Left: A “normal” photo of the theta 1 Ori C binary star. Middle: the same object with MagAO’s adaptive optics. This photo is about 17 times sharper via Laird Close and Ya-Lin Wu; NASA, C.R. O’Dell and S.K. Wong


This picture is a close up of the Orion nebula as you’ve never seen it before – the sharpest image of Orion ever taken. This image wasn’t taken by Hubble, or Chandra, or any of our other space-based observatories. Instead, this image was taken by an Earth-based telescope. The image itself is a technological demonstration of a fantastic new feature available for Earth-based telescopes – the Adaptive Secondary Mirror (ASM).


Ground-based telescopes have always dealt with atmospheric turbulence and other anomalies in the atmosphere that make ground-based observing very hard. The atmosphere manages to disrupt our view, handicapping many of the world’s most powerful telescopes. The ASM technology eliminates that atmospheric disturbance allowing ground-based telescopes to approach their theoretical observing limits. This technology allows telescopes that have main mirrors with larger diameters to operate just like a space-based telescope.

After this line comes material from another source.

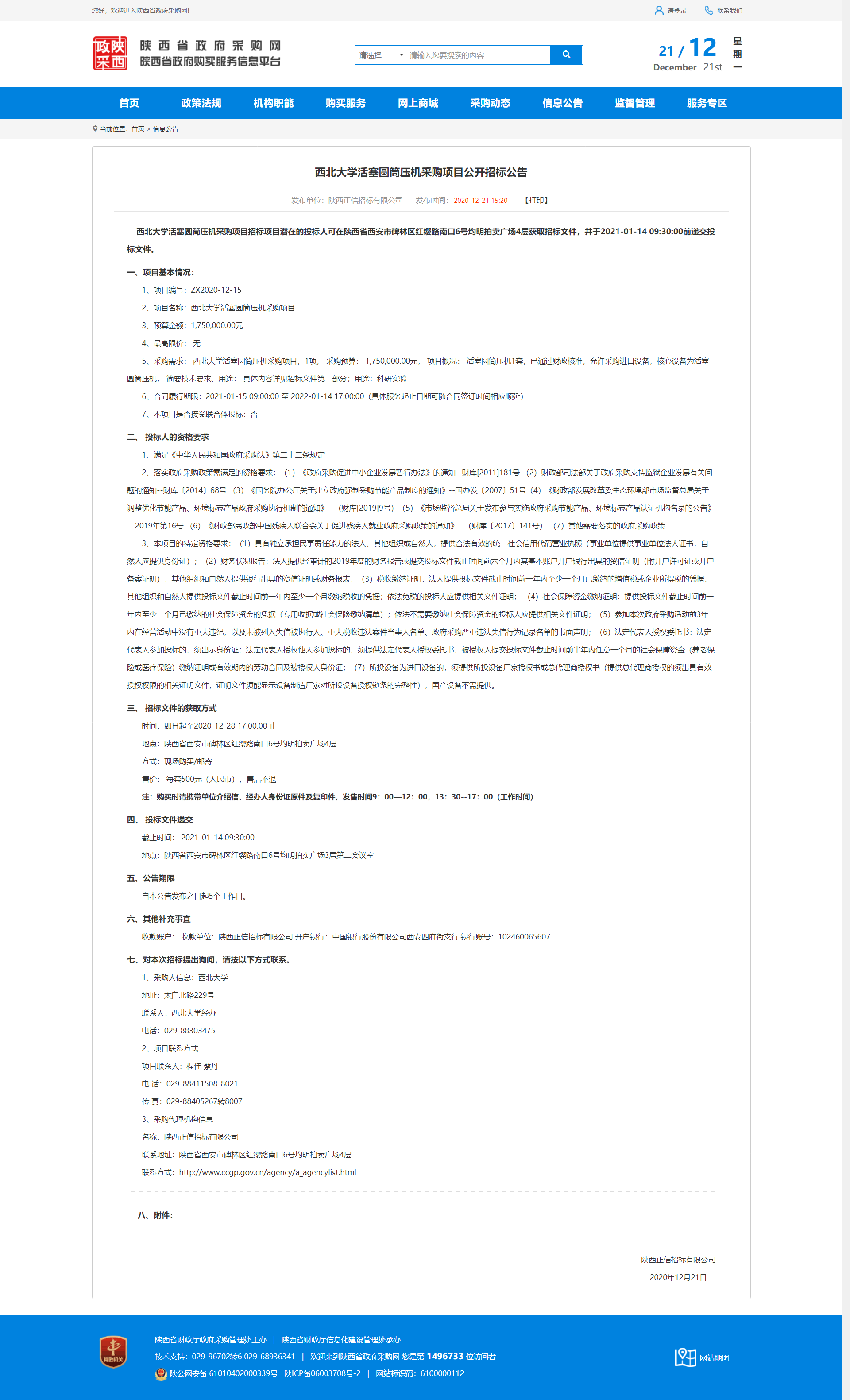 welcome欢迎光临威尼斯集团活塞圆筒压机采购项目公开招标公告 作者: 编辑:薛利娟 时间:2020-12-21 原公告地址:http://www.ccgp-shaanxi.gov.cn/notice/noticeDetail.do?noticeguid=8a85be33765f9dd0017683bb212e48f1

We can essentially triple or quadruple the type of visible light quality we accept from Hubble with the application of this new method.


The entire package is called MagAO (for Magellan Adaptive Optics). The first test for the technology revolved around Theta 1 Ori 2 – a binary pair orbiting very close to one another (the stars are about the same distance apart as Earth and Uranus are). The binary system is so close, in fact, that scientists have been having a hard time verifying the system as a binary instead of one star. The new picture was able to resolve the binary pair as two distinct stars – a major win for technology.


Now, with our vast array of ground-based telescopes, we can systematically upgrade them with the new MagAO technology to allow for some stunning visible-light science. Other types of observing (like infrared) could make a little use of this technology, but not much. That deals with how infrared light interacts with the atmosphere which works beyond simply ‘blurring’ from atmospheric disturbances.